“You would not prefer the convent?”

“Oh, Monsieur, not—not the convent!” she exclaimed, with all the trouble returning. Her grey eyes dilated, she put out her hands imploringly.

“No one will force you,” said M. Deshoulières, in a kind, reassuring voice, but he did not understand this sudden terror. Looking upon it as a natural retreat for unmarried girls, he had thought it not unlikely she might herself suggest it. He was sorry that she shrank from it, and it surprised him a little. Nevertheless, had she but known it, she was quite safe from any attempt to thwart her inclinations; but she did not know it. Her early experience of her uncle’s unrelenting will led her to expect everywhere the same harshness, the same determination. What M. Deshoulières had once suggested he might at any time attempt to oblige her to follow out; and to be buried in a convent, to lose all hope of seeing Fabien, of hearing a word here, a word there, a rumour of his whereabouts—to lose this was to twenty-year old Thérèse like losing life itself. She would have preferred any hardship to this prospect, which had hung over her while her uncle lived, and was, probably, only prevented from taking shape by a certain half-contemptuous indulgence of his wife’s wishes, and after her death by a softening consciousness of his own failing health. Now it surged up before her again; M. Deshoulières’ words could not calm her fears.
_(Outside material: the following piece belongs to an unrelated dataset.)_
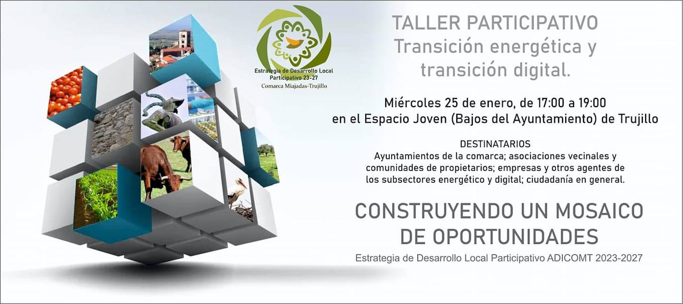 El grupo de acción local continúa con sus acciones para recoger ideas y propuestas para el diseño de la Estrategia de Desarrollo Local Participativa 2023-2027 o, dicho de otro modo, el programa que incluirá inversiones con fondos europeos para ese periodo. Ya, hace unos días, se celebró un taller participativo en Miajadas y este miércoles, 25 de enero, tendrá lugar uno nuevo en Trujillo. Se hablará de la transición energética y digital y está convocada la ciudadanía en general y, sobre todo, representantes de ayuntamientos, colectivos vecinales y comunidades de propietarios de la comarca. También pueden acudir empresarios y agentes vinculados a los subsectores energéticos y digital.

“Only let me stay here,” she entreated.

He looked at her a little keenly. It was something new to have any one dependent upon him, half pleasant, half puzzling—then he thought of his patients and jumped up.
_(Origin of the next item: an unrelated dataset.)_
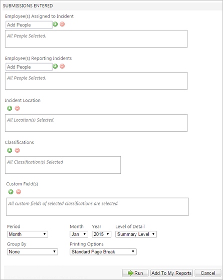 This report provides a list of incident reports and supervisor report submissions that have been entered for the location or locations and date range specified. You can use this report to review and compare your employees' answers to custom fields in incident reports and supervisor reports. This is the only report that allows you to report on specific custom fields and their answers.

“That is soon settled, mademoiselle; I will speak to Madame Roulleau, and then you can arrange things as you please. Pardon me now, for my time is not my own.”

There were no difficulties with the Roulleaus; M. Deshoulières went away from the house rather pleased with his own management. Thérèse was provided for, for the present; he had satisfied himself upon one or two points, had learned also that she did not care for Fabien. Poor stupid, blind Max!

Monsieur and Mme. Roulleau lost no time in going to Thérèse when once the doctor had quitted the house; madame led the way of course, but she was a little changed to Thérèse, as the latter saw at once. Hitherto she had been almost cringing in her manner, now she had the air of one who permits herself to be persuaded against her better judgment. She was a woman of about fifty, with a sharp, puckered face, a nose pinched and slightly hooked, a long upper lip, black hair strained tightly backwards, and hands which were long, lean, covetous-looking. Some people’s hands take you into their owner’s secrets, before their faces have let out any thing. Mme. Roulleau’s were of this kind. You might notice a stretching, a little involuntary curve of the fingers’ ends, as if they longed to be grasping something. It struck Thérèse again as she stood before her in the middle of the room in a kind of linen jacket, drawn in round the waist, and the girl hardly understood at first that M. Roulleau was speaking, she could not help watching madame’s hands with a sort of fascination. M. Roulleau coughed and spoke a little louder.

“Our excellent friend, Monsieur Deshoulières, has made a proposal, mademoiselle, I had the pleasure to observe, which would relieve him, he says, from an embarrassment. Without doubt he has confided it to you. Now, madame and I could receive no pleasure so profound, so grateful to our hearts,” continued the little man, becoming suddenly enthusiastic, “as that we should experience by assisting our excellent doctor to the very extent of our means; but—”

“This is impossible,” said madame, sharply.